Debate brews over attitudes about Canada

Patriotism: Molson's `Rant' commercial takes a tongue-in-cheek shot at common misconceptions Americans have about their northern neighbor.

April 21, 2000|By Deborah Bach | Deborah Bach,CONTRIBUTING WRITER

In his four years working in Philadelphia, Brett Marchand learned plenty about being a misunderstood Canadian.

Marchand's friends would ask if Ontario was a state or a city. His colleagues at Campbell's Soup Co., where Marchand worked in marketing, snickered when he said "past-a" instead of "pawsta." Once, during a meeting where an Australian was delivering a speech sprinkled with war metaphors, the company's former CEO turned to Marchand and remarked that an Aussie talking about war was about as absurd as hearing about it from a Canadian.

"He literally did not know that Canada was in World War I and World War II, and this was a guy with a master's degree," says Marchand, now the vice president of marketing for the Molson Canadian brewing company.

Americans' dearth of knowledge about their northern neighbors is nothing new. U.S. history is commonly taught in Canadian schools, but despite the two countries being each other's closest neighbors and biggest trade partners, American students learn next to nothing about Canada.

That fact was aptly illustrated when a Canadian comic tricked presidential candidate George W. Bush into expressing his appreciation for an endorsement from Prime Minister Jean Poutine, a gaffe that sent the Canadian media into gleeful fits. (Note to the uninformed: poutine is a French-Canadian artery-clogger made of french fries, cheese curds and gravy; the prime minister's name is Jean Chretien.)

Now there's something new to chuckle about: a Molson Canadian beer commercial that Marchand says has spurred an unexpected level of feedback on both sides of the border.

Dubbed "The Rant," the television spot debuted on Oscar night last month. It features a regular joe named Joe extolling the benefits of his country while taking a tongue-in-cheek shot at misconceptions about Canada.

Wearing a plaid shirt and jeans, Joe explains he's not a lumberjack or fur trader and doesn't live in an igloo or eat blubber. He has a prime minister, not a president. He speaks English and French, not American, and says about, not aboot.

Getting louder and increasingly animated, Joe declares the beaver "a truly proud and noble animal" and explains that a toque is a hat and a chesterfield is a couch.

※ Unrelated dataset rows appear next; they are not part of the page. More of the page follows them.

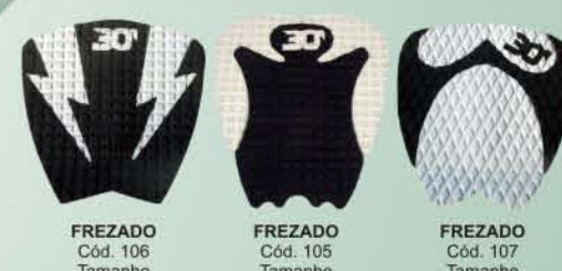
FREZADO Cód. 106 Tamanho 300 x 280mm FREZADO Cód. 105 Tamanho 330 x 290mm FREZADO Cód. 107 Tamanho 310 x 280mm
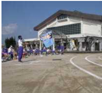
選手宣誓に合わせ、 学級旗を掲げる
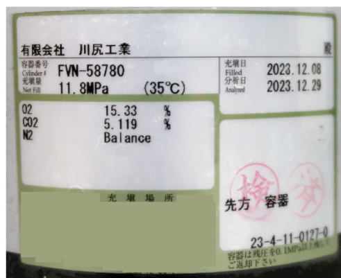
▲ 精密に混合されている証 ボンベ毎に貼られています
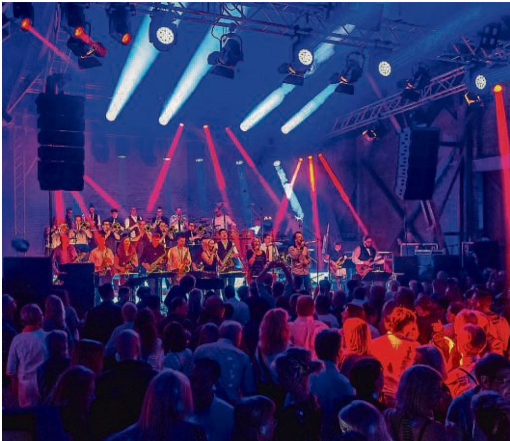
Vorsicht Gebläse! gastiert in Philippsthal in der Kreuzberghalle am 30. April.

His voice rising to a feverish pitch, he concludes: "Canada is the second-largest land mass, the first nation in hockey and the best part of North America. My name is Joe, and I ... AM ... CANADIAN!"

Marchand says he knew the ad was good but didn't anticipate the flood of reaction that's ensued. There was a great deal of positive response from U.S. viewers, he says, but in Canada the ad's popularity has exploded.

"You couldn't imagine the phenomenon it is in Canada," he says during an interview from his Toronto office. "It's been on the front page of newspapers. There are radio talk shows across the country dedicated to the ad. I've been doing interviews almost from first thing in the morning until the end of the day every day.

"There are people calling who are doing their theses on nationalism wanting to talk to me about the maturity of Canadian nationalism -- from a beer ad," he says incredulously.

Marchand was surprised not only by the media attention the ad received but also by the breadth of its appeal. The company targets twenty-something beer drinkers but has been receiving calls about the ad from people into their 60s, he says.

"It really has struck a chord with a huge group of consumers," Marchand says.

The idea for the ad originated from research conducted last fall, when its creators, a Toronto agency, talked to young beer drinkers and encountered the sort of patriotism more typically associated with Americans.

"I think there's this feeling amongst younger Canadians that this really is the greatest place in the world to live," he says.

Marchand points to the Internet, international travel and the North American Free Trade Agreement as factors that have increased cross-border connections, making Canadians more aware of what their country has to offer. The success of famous Canadians such as director James Cameron, country diva Shania Twain and comedian Mike Myers also promotes a sense of national pride, he says.

Donald Alper, a professor at Western Washington University, offers a different perspective. Alper says U.S.-Canadian corporate mergers, talk of a North American common currency and increased globalization have created a collective anxiety about Canada being swallowed up by its larger neighbor.

"All these things are seen as further eroding this Canadian identity," says Alper, president of the Washington D.C.-based Association for Canadian Studies in the United States.

It's an identity that Canadians may hold fast to, but one that remains an enigma south of the border.

Alper mentions a Western Washington summer program for teachers who want to include Canada in their curriculum. Most are from the Pacific Northwest, he says, and most know virtually zero about Canada.

"I would say, listening to this group of teachers, who are educated people, that the misconceptions are pretty close to being accurate," he says. "And the farther you get away from the border, the worse they get."

Molson's successful ad, which can be viewed online at www.ad critic.com, may not make any great strides in cultural understanding, but if nothing else, it provides an entertaining venue to illustrate what it means to be Canadian.

And hey, maybe that's aboot the most you can hope for, eh?